Rad Fashion Friday Easter Special: Shoulder Alterations

While we've focused mainly on making new things out of scraps, it's important to make repairs to things you already have. Home-done alterations save you money on those outfits that might get put by the wayside because of a minor fit issue.


One of the most common alterations I do on clothing is in the shoulder region. This area can be quite tricky on a lot of sleeveless tops and dresses; there's lining to worry about, finicky materials that bunch and stretch, sometimes it's just a pain. But don't back down from the challenge! You'll feel great when you can still rock that favorite dress this spring.


We will cover two types of shoulders today, one with a seam that's directly on the shoulder line and one with two seams per sleeve. Both have lining, which I feel is the more difficult to work with.


Dress Sample #1 - The One With One Seam On The Shoulder


Epic title, I know. So descriptive! But that's what this one is, it's the seemingly simpler one of the two samples today.



You'll notice how you can't even see the seam because of the lace material. It's not even just lace, it's stretch lace. Seems intimidating, I know, but stick with me, my story gets better.



See that seam there on the inside now that I've flipped it inside out? Now you have a more clear start, and here's a few pointers to consider before you begin:


  • Make note of where the stitches are all at. I only work on one shoulder at a time. This leaves you with an example of what it originally looked like. Taking pictures helps too sometimes, make sure your pictures are clear and include the important details.
  • You don't need to open the seams to a crazy amount either, just enough to work comfortably. Take out less than you think you need to, you can always open up more if you need to! But the less you have to top stitch later, the better.
  • Open the sides. Carefully take out those top stitches.
  • Be wary of the condition of your nails/hands. Rough hands can damage chiffons, stretches, and other delicate fabrics. One bad nail can make a huge pull, ruining your dress and putting you up a creek without a paddle.
  • Don't take out the old shoulder seam. Leave it in, sew a stitch down on the new location, THEN cut your excess.

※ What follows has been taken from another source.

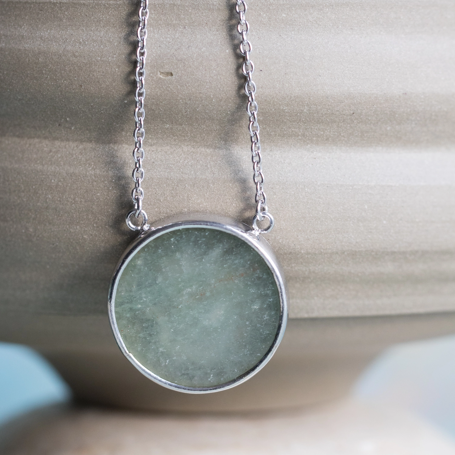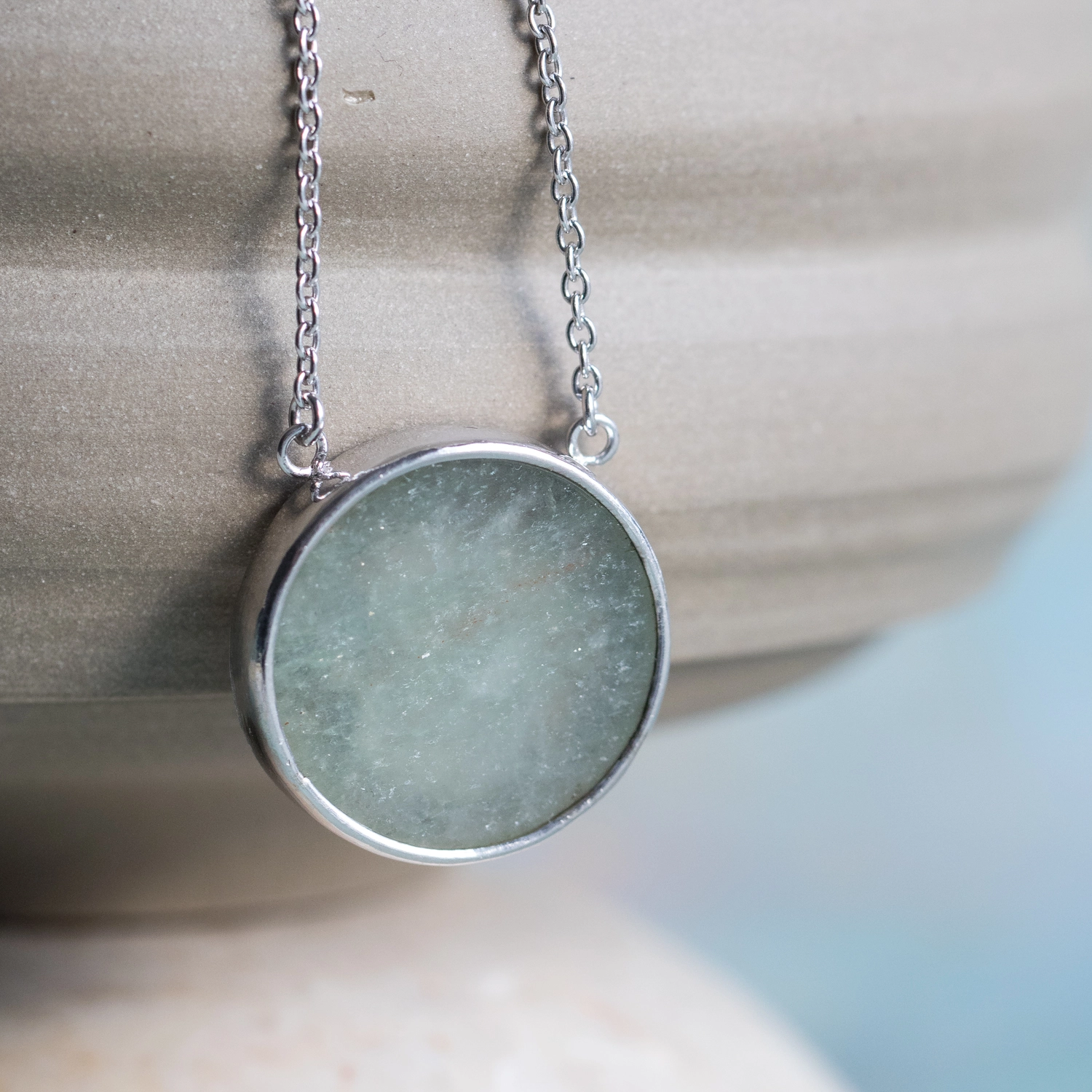 Srebrny naszyjnik z miętowym awenturynem 20mm.

  • After you open your side seams, flip the shoulder inside out. You can make your alteration here.


  • After you sew your new seam, chop off the excess and flip it right side out again. Pin the lining and face fabric, make sure you have both lined up nicely. You want to catch both fabrics the first time.


Check out that top stitch...Oh wait, you can barely tell!

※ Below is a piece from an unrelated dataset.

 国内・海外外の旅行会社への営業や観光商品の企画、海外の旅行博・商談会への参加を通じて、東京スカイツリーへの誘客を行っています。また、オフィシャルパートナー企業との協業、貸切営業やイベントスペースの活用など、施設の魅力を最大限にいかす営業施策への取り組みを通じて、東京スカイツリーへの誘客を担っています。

Dress Sample #2: Electric Avenue


Not really electric avenue. I just don't know the term for this style of shoulder.







It has a seam in the front and in back, which we're going to open and pretty much feed the shoulder fabric into the gap and sew shut. 


  • Pick a side you want to open more. I'm going with the neck-side, you might choose armpit-side. Whichever you prefer to top stitch shut later.

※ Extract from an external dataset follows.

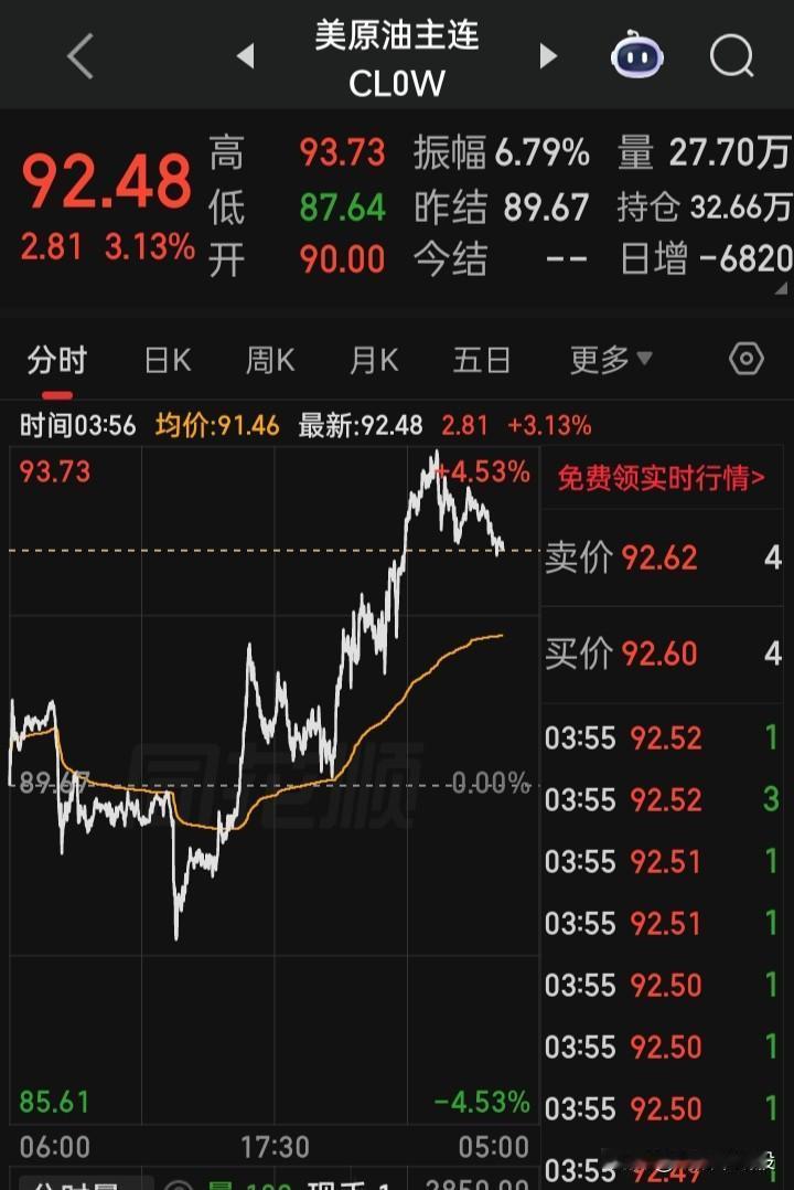 【美原油主连】目前报92.48, 涨3.13%

  • Sometimes you need to assess the situation and do what you gotta do. We're going to cut the liner for this adjustment. NOT ALWAYS SUGGESTED, I'M LITERALLY CHOPPING THIS DRESS APART.



But it's ok! We're turning it into the new seam, nobody will be able to tell because it's the lining and it's on the inside.


  • Pin your shoulder piece so that it's face to face with the face fabric, like so:


  • Pull your liner around so that it sandwiches the shoulder piece with the face fabric. Make sure the line where your old seam was is lined up with where you're putting the new shoulder line. I'm adjusting this an inch, so my should fabric is pulled way out:


  • Sew your new seam and flip it right side out again.

You have a nice sandwich going on here with a little open area left to stitch down. You'll want to distribute however much you're taking off between your two seams for evenness.



If your thread is the right color, you won't even notice that top stitch. I won't tell if you don't.


I hope you enjoyed my segment today on shoulder alterations, I hope these tips help lower the frustration of tackling a strange new project on your own. Enjoy your holiday weekend!